Rural
Youth Pedestrian-Motor Vehicle Traffic
|
July 2001
Background
Injuries resulting
from pedestrian-motor vehicle crashes on public roadways are termed pedestrian-motor
vehicle traffic (PMVT) injuries. In 1999, youth under age 15 accounted for 30%
of all PMVT fatalities nationwide.1 Per mile
traveled, pedestrians experience a 36 times higher fatality rate than motor
vehicle occupants.2
National and
State Injury Experience
Rural-Specific
- Nationally in
1999, 180 youth under age 14 were killed in PMVT collisions in rural* areas.3
- From 1996-98,
South Carolina, Mississippi, Georgia, Utah, Louisiana, and Arizona experienced
the highest average youth PMVT fatality rates.4
- From 1995-1999,
nationwide, youth PMVT fatalities in rural and urban areas declined. Youth
fatalities in urban areas decreased at nearly twice the rate of youth fatalities
in rural areas.3
- A 1988 Washington
state study reported that urban youth under age 14 were more frequently injured
in PMVT crashes. However, rural youth experienced a 4-5 times higher fatality
rate.6
General
- Decreases in
youth PMVT fatalities may be due to youth walking less.5
- Common youth
PMVT injuries requiring hospitalizations included fractures (especially femur),
closed head trauma, and lacerations.7,10
- Etiology of
youth pedestrian-motor vehicle injury varies developmentally. Children 1-4
years are typically injured in driveway runovers, 5-9 years in mid-block dartouts
on residential streets, and 10-14 years while crossing busy streets.9
Youth PMVT Fatalities
in Rural Areas*
1995-1999 national data reveal the following about youth PMVT fatalities
on rural roadways:
Youth |
61% male
74% 5-14 years |
Driver |
estimated
11% struck by impaired driver |
Lighting |
60% occurred
from 3-9 p.m. |
Vehicle |
49% cars
26% pickup trucks
3% school bus
|
Roadway |
97% paved
roads
75% local roads and secondary roads in between small towns
50% mid-block locations
42% roads with posted speeds > 50 MPH** |
Selected factors
believed to be more problematic in rural areas include:
- Lack of road
shoulders, medians, traffic signals, over and underpasses, sidewalks 12
- Concentration
of roads with higher speed limits 13
- Poor or no street
lighting 12,14
- Longer pre-hospital
transport times 6
- Limited access
to trauma centers 6
* Unincorporated
area or an incorporated area of less than 5,000 people.

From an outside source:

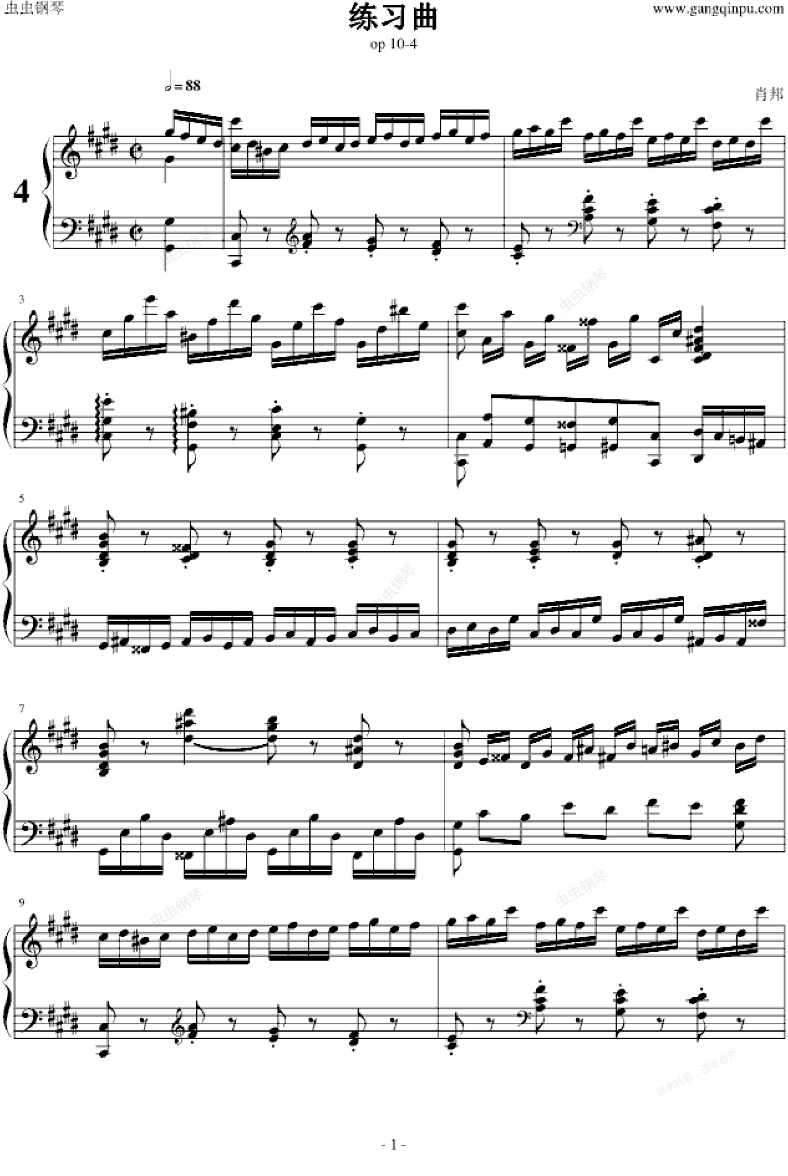 钢琴谱:练习曲 op 10-4

** Though posted speed is a proxy for actual speed traveled, a pedestrian
hit at 20 MPH has a 95% chance of survival compared to virtually no chance if
hit at 50 MPH or greater. 11
General Risk Factors
for Youth PMVTs:
- The most significant
risk factors, in order, for youth PMVT injuries are high traffic volume, lower
income status, younger age, and environmental characteristics such as high
speed limits and no available play areas.15
- In general,
young children are not physically, mentally, and emotionally capable of being
safe pedestrians. Adults often overestimate a child's ability to walk in or
near traffic. 21
Prevention Recommendations
Rural-Specific
- No effective
interventions to reduce youth PMVT injuries in rural environments were identified
in the literature.
- Research is
needed to understand the rural youth PMVT injury experience (especially non-fatal
injuries) and identify priorities for intervention.
General
- Literature suggests
the following strategies reduce pedestrian injuries:
- Engineering
modifications to slow traffic speed (e.g. speed bumps) and separate pedestrians
from traffic (e.g. sidewalks) 16
- community
wide campaigns involving education ( e.g. pamphlets, and media press),
enforcement (e.g. police warnings for failure to yield), and engineering
interventions (e.g. advanced stop lines before crosswalks) 16
- vehicle
modifications (e.g. smooth front ends) 16
- lengthening
daylight savings time in the fall 16
- wearing
retro-reflective clothing at night 17
- Literature suggests
the following interventions offer limited effectiveness:
- skill building
programs targeting pre-school or young elementary school students.
19,20
- anticipatory
guidance by healthcare providers 18
Selected Resources*
Rural-Specific
- TASK II Pedestrian
Safety Curricula: Developed the Teaching Agricultural Safety to Kids (TASK)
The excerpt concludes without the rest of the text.